Rodrigo Portella, o “cara” por trás de “Tom na Fazenda” e “Ficções”

O diretor e dramaturgo Rodrigo Portella, em foto de Fabio Alcover/Divulgação

O diretor e dramaturgo Rodrigo Portella, em foto de Fabio Alcover/Divulgação

Ao Culturadoria, o diretor Rodrigo Portella fala sobre as montagens que, coincidentemente, poderão ser vistas este final de semana em BH

Patrícia Cassese | Editora Assistente

Com apenas 45 anos de idade, Rodrigo Portella já totaliza 30 anos de percurso no território das artes cênicas.

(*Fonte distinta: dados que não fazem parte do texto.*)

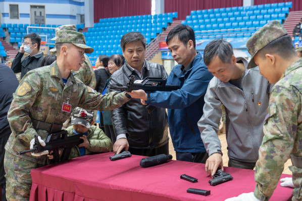在校区引导员的指引下,石大一行先后到田径场观看了旗语、军体拳、刺杀操演练,学员们整齐划一的动作、气势如虹的口号让观众深受震撼,观看了学员十一大队的队列和内务整理演示后,进入学员宿舍参观,干净、整齐、温馨的宿舍充分展现了海军部队优良的作风和严格的纪律,在文体馆观看了枪械展示,并逐次实操枪械,体验模拟射击。

Sim, ele começou a se enveredar por esta seara ainda adolescente, quando se inscreveu em um curso, ainda em sua cidade natal, Três Rios, Rio de Janeiro.

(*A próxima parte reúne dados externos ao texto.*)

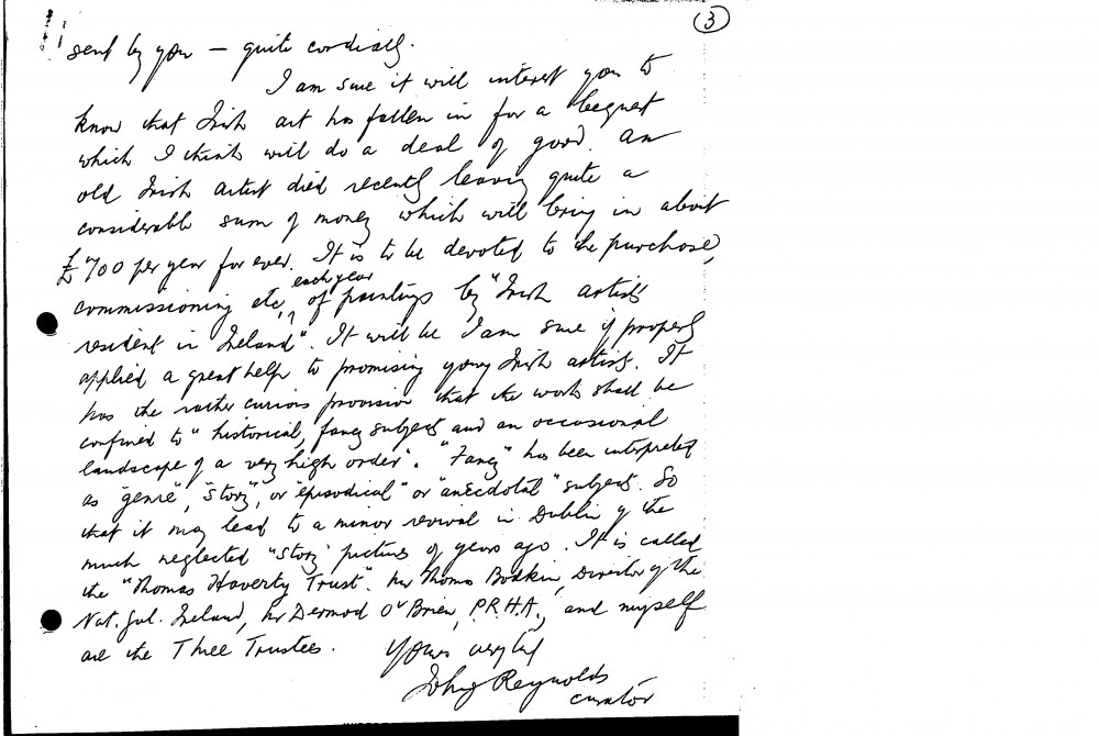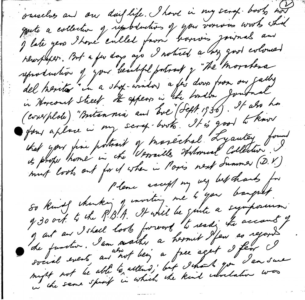 Reynolds has a scapbook containing a collection of reproductions of de László's works. He is unable to attend de László's banquet on 30 October. Reference to the "Thomas Haverty Trust", which he hopes will "do a deal of good" for Irish art, and "lead to a minor revival in Dublin of the much neglected 'story' pictures of years ago"

Certo, o fascínio do garoto pela ribalta já havia se manifestado antes – precisamente na infância, quando foi pela primeira vez ao teatro, assistir a uma montagem (no caso, a do clássico “Pluft, o Fantasminha”, de Maria Clara Machado).

Provavelmente, mesmo aos 15 anos, e já imbuído da decisão de seguir este percurso, Rodrigo não imaginava chegar onde chegou, com tantos sucessos de público e de crítica no currículo. E, consequentemente, por conta deles tendo angariado uma pá dos mais importantes prêmios do setor no curso dos anos.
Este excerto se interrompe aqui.